### Excerpted data:
__________

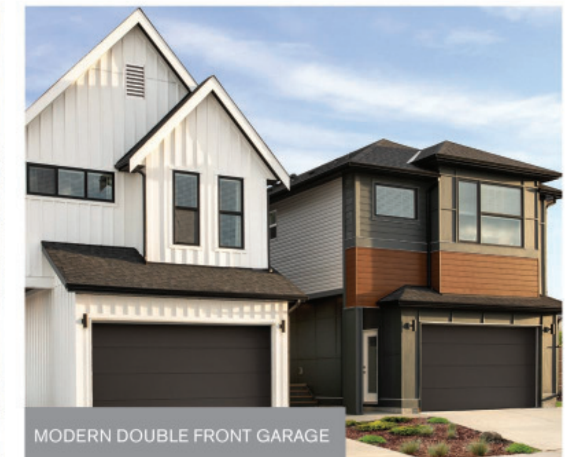
MODERN DOUBLE FRONT GARAGE
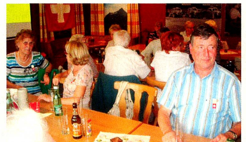
In gemütlicher Runde wurden verschiedene Biere degustiert.
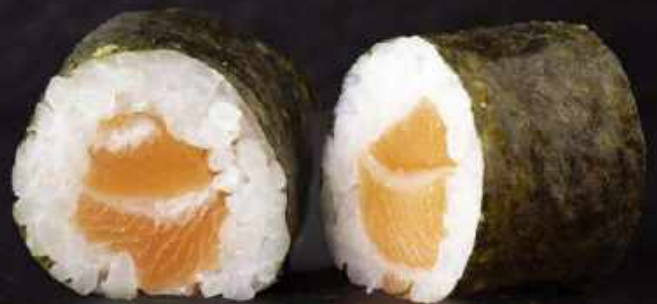
H2. Laks (8 stk.)
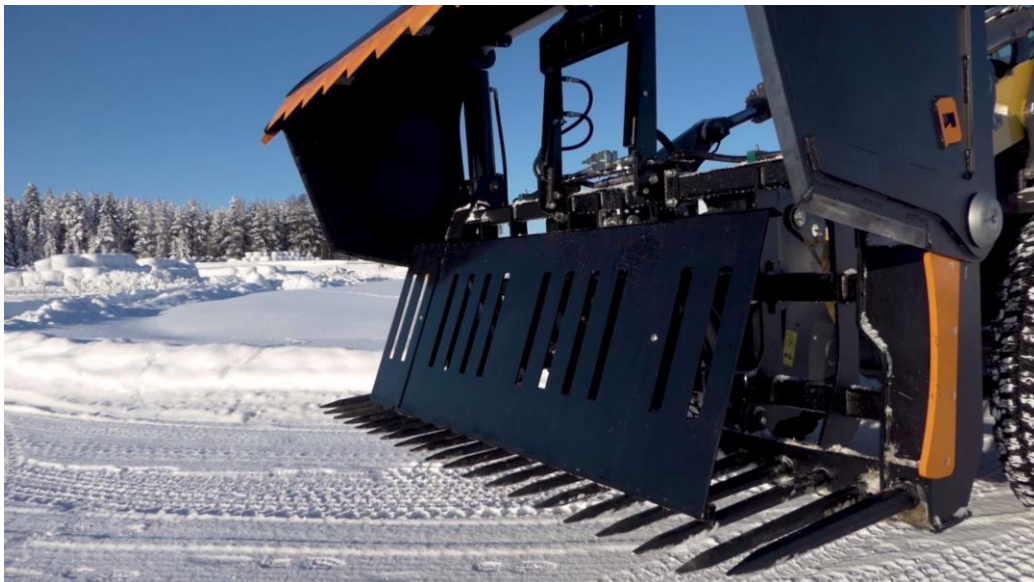
Abschieber an einer Silocut L+-Zinkenversion
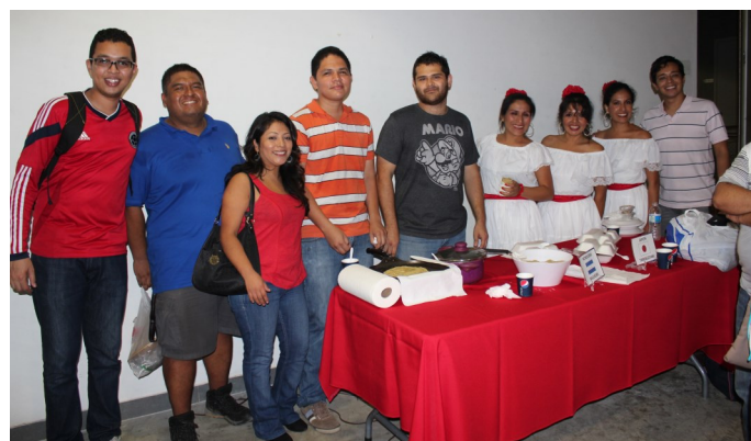
Algunos de los participantes de la Cena Internacional, en la cual tuvimos diferentes platos típicos y bailes folclóricos.
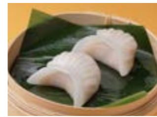
281 海老蒸し餃子 ¥520
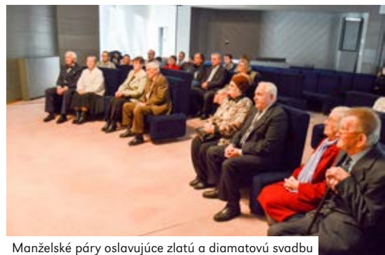
Manželské páry oslavujúce zlatú a diamantovú svadbu

V nasledujúci deň nás čakala ďalšia príjemná udalosť. V obradnej sieni mesta Stará Turá, si 6. februára 2019 pripomenul 1 staroturiansky manželský pár 50 rokov spoločného spoluzitia – zlatú svadbu a 3 manželské páry dokonca 60 rokov – diamantovú svadbu.
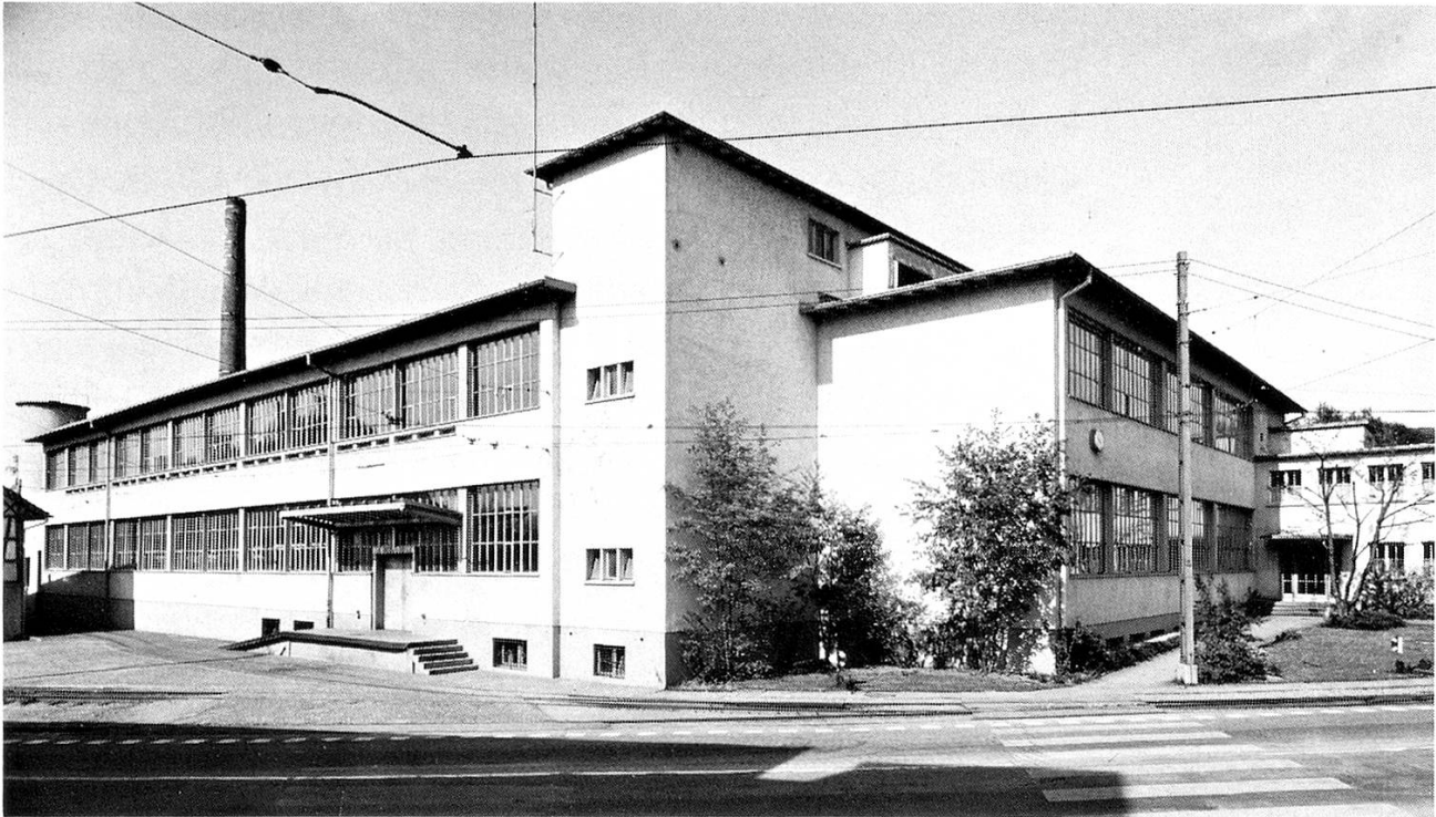
Hauptfront von Süden.

lassen zu haben, doch versucht man immer wieder, die Vorteile von Baumwolle und jene von Synthetics zu vereinen und zu optimalen Erzeugnissen zu führen. Jedenfalls ist eine gewisse Rückkehr zur Naturfaser festzustellen. Die rohen, rohbunten, glatten und schaftgemusterten Grob-, Mittelfein- und Feingewebe aus Baumwolle, Zellwolle, Synthetics und eben aus den Mischungen finden ihre Verwendung zu 50 Prozent in der Bekleidungsindustrie. Zu etwa 10 Prozent wird, mit Vorhangstoffen vor allem, für die Dekoration gearbeitet und zu etwa 20 Prozent für den Haushalt mit Bett- und Küchenwäsche; dazu kommen 20 Prozent gemischte Gewebe. Es gibt für diese Produkte auch Verwendung
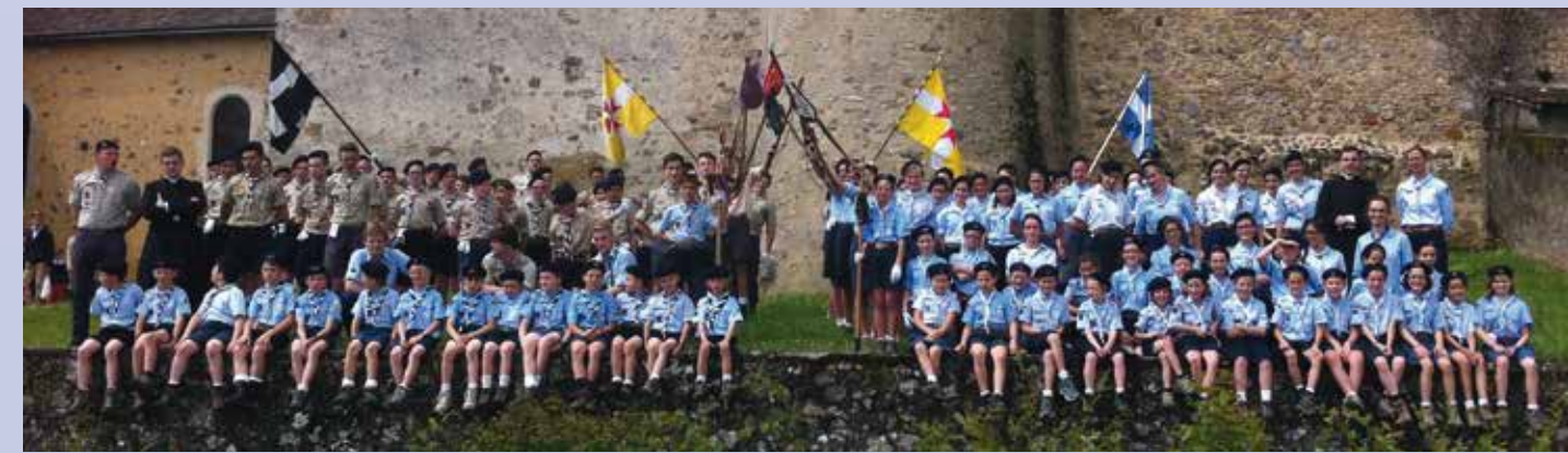
Le groupe Europa-scout du Mans au grand complet

Le temps faisant, les activités des prêtres de la Fraternité dans la ville du Mans se sont développées. Il faut mentionner en particulier les catéchismes, pour lesquels les salles du presbytère de la cathédrale du Mans sont généreusement mises à disposition par M. le Curé. L'ouverture de l'école primaire hors contrat Blanche-de-Castille, en septembre 2013, a accentué cette présence de la Fraternité en centre-ville. L'abbé Leclair y vient deux
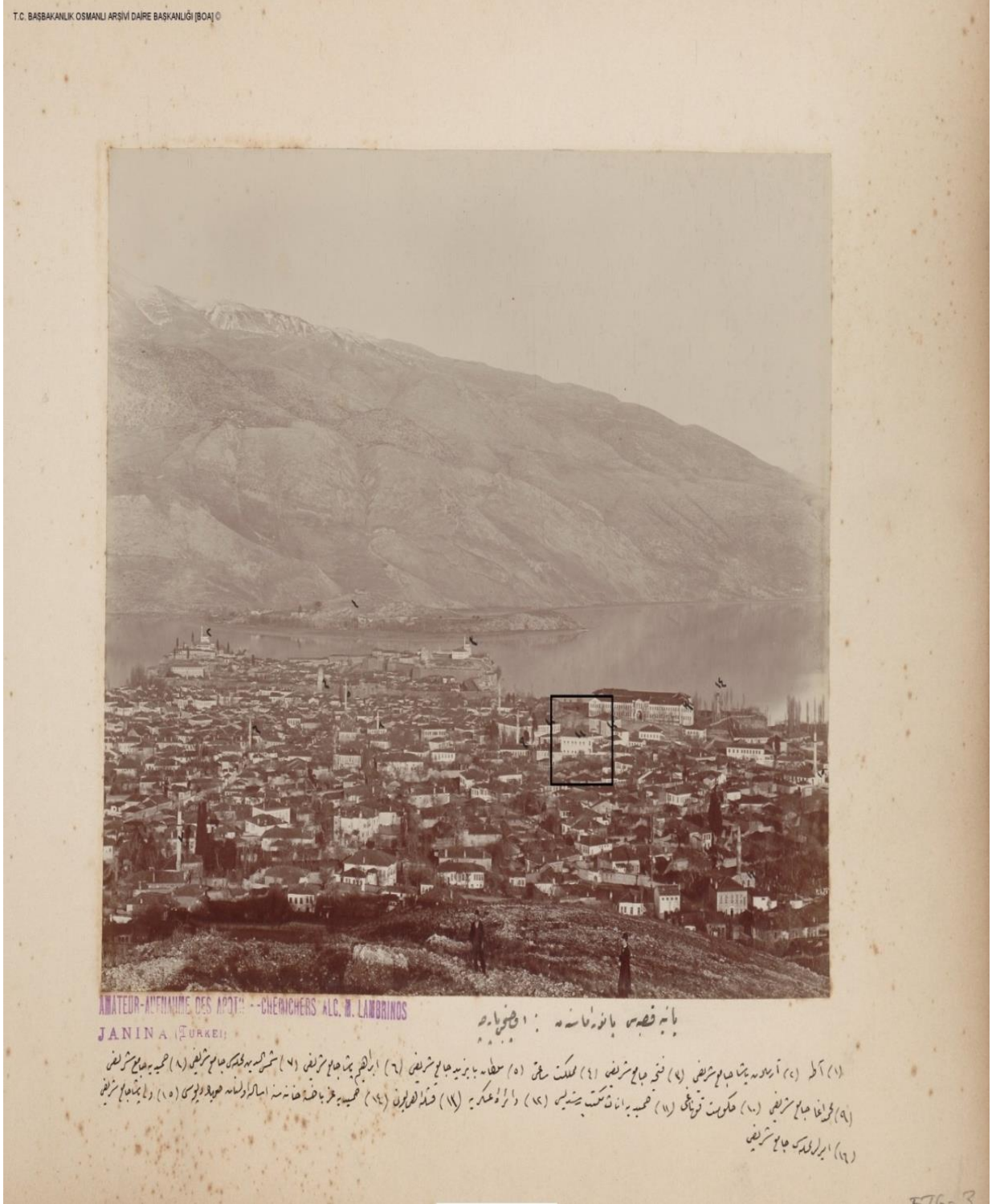
(BOA, FTG.F., Gömlek No: 3, 1912)
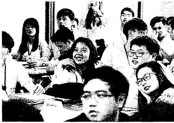
▲台科大舉辦新南向創業營隊，外國學生來台上創業課。
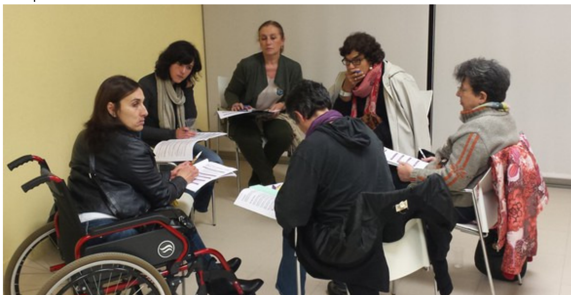
Participantes no Encontro
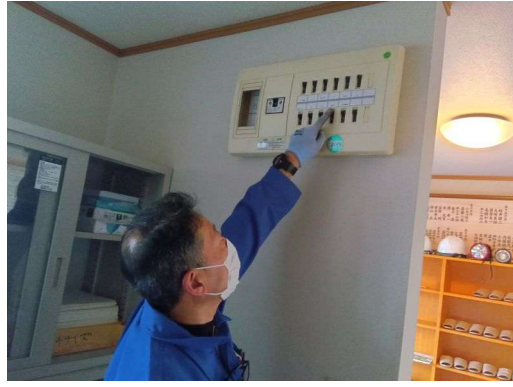
4 * 絶縁の確認
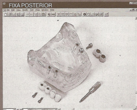
FIXA POSTERIOR MODELO SUP: Transparente com 4 implantes (36, 35, 45, 46) CONEXÕES: 2 munhões mais 2 ucias mais 1 encaixe MF PRÓTESE: 2 fixas com 6 elementos (paraf. e cimentada)
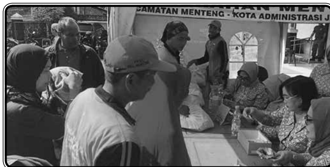
Dalam rangka bulan suci Ramadhan 1440 H penjualan 1200 paket sembako murah di Kelurahan Menteng Jakarta Pusat
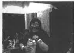
卒業生のみなさんにプレゼントを渡しているところです。
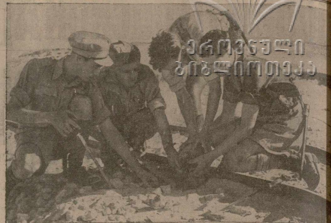
Английские саперы вытаскивают мину, заложенную немцами под рельсами железнодорожной линии в Ливии. Каждый фут пути был проверен до того, как было возобновлено движение поездов.

ЛОНДОН (ОНА). — 10 декабря, американский Государственный секретарь Корделл Холл заявил, что «восстановление свободной Албании» вытекает, как нечто само собой разумеющееся из Атлантической Хартии. В Лондоне полагают, что греческое правительство в изгнании выступит на днях с официальным заявлением по вопросу об албанской независимости. В этом заявлении будет также затронут вопрос о судьбе греческого населения в южной Албании. Весной 1939 года, как известно, Италия аннексировала Албанию.
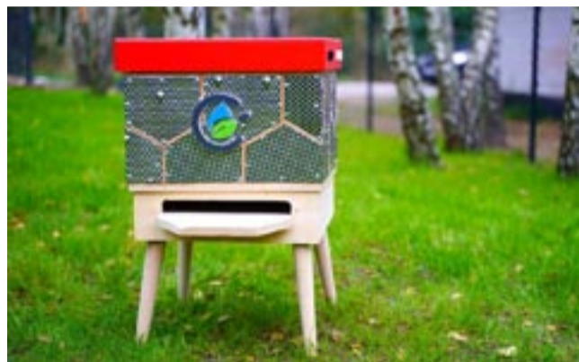
Takie ule, które powstały z tyskich elektrośmieci, zdbią 10 pasiek w całej Polsce.
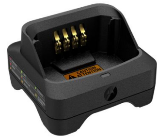
CHARGEUR IMPRES™ 2 UNE SEULE UNITÉ
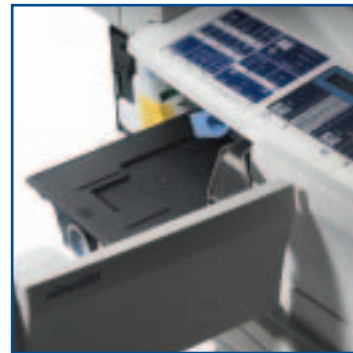
TONER až na 15 000 listů A4 (při 6% vykrytí)

Efektivita, spolehlivost a nízké provozní náklady jsou výraznými rysy těchto kopírek. Digitální kopírovací stroje Olivetti d-Copia 1600 a d-Copia 2000 využívají spotřební díly s prodlouženou životností , takže např. životnost válce je stanovena na 150 000 stran, toneru na 15 000 stran. Minimalizace provozních
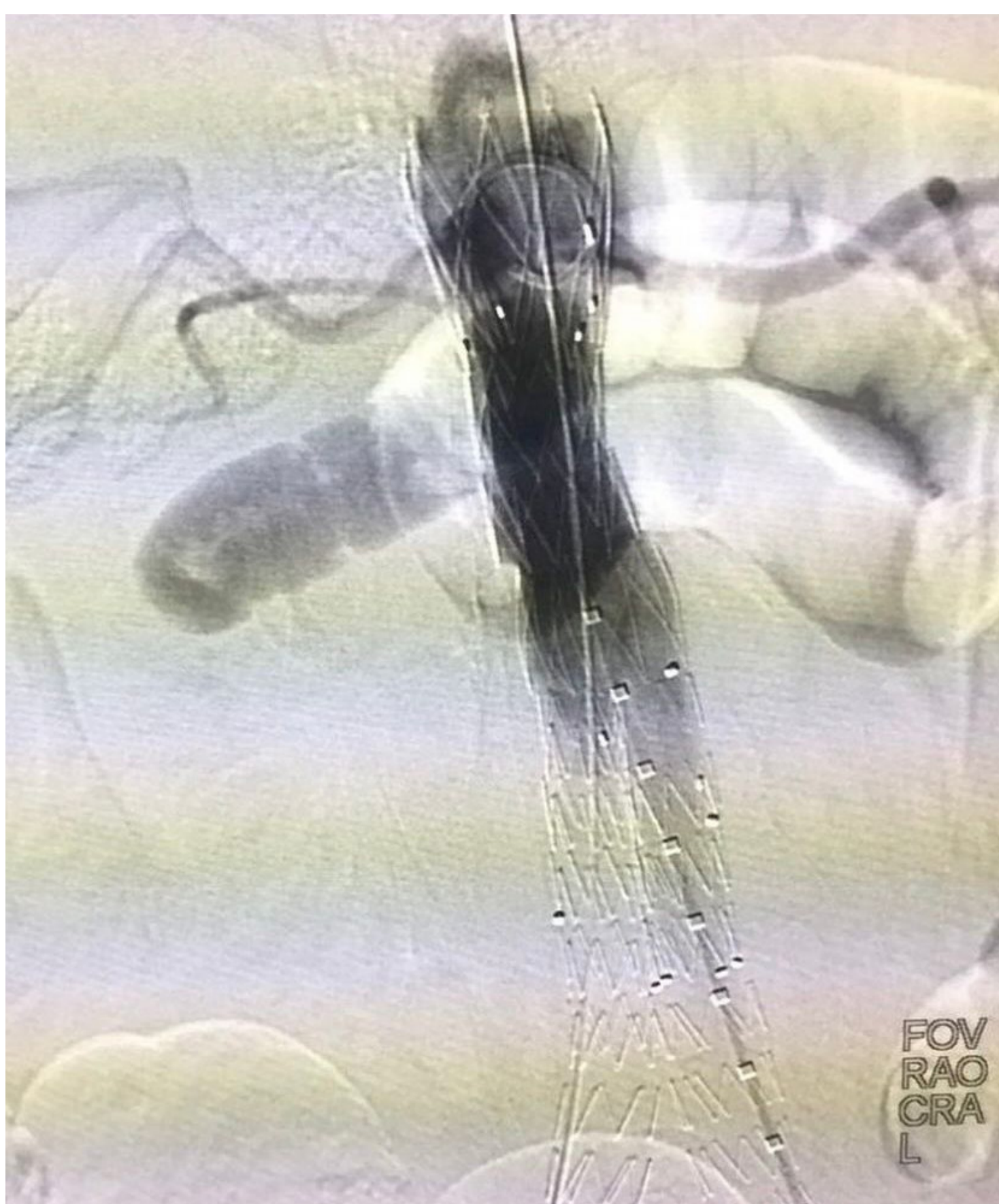
2- Aneurisma depois do implante da Endoprótese.
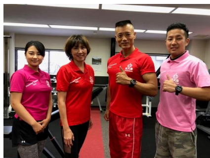
枝光社長と 高槻店トレーナー
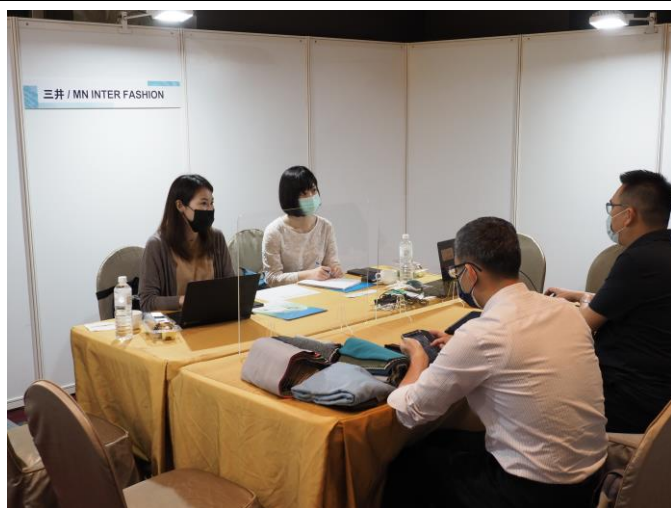
業者與日本商社在臺分公司實體洽談
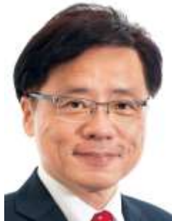
井上さとし 参院議員
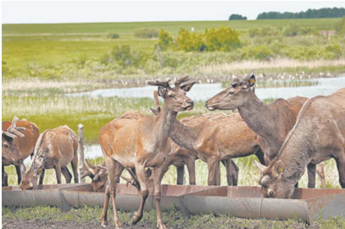
Сейчас в маральнике живут 42 взрослых марала.

Самый большой пант, полученный в маральнике компании «Курорт Белокуриха», весит более 10 килограммов. Наиболее качественные рога у самцов в возрасте 9-10 лет, в среднем маралы живут около 15 лет.

__________

### Exercise objective:
What is needed is one number: how many lines of the records above contain the word "zlatú".

### Exercise result:
2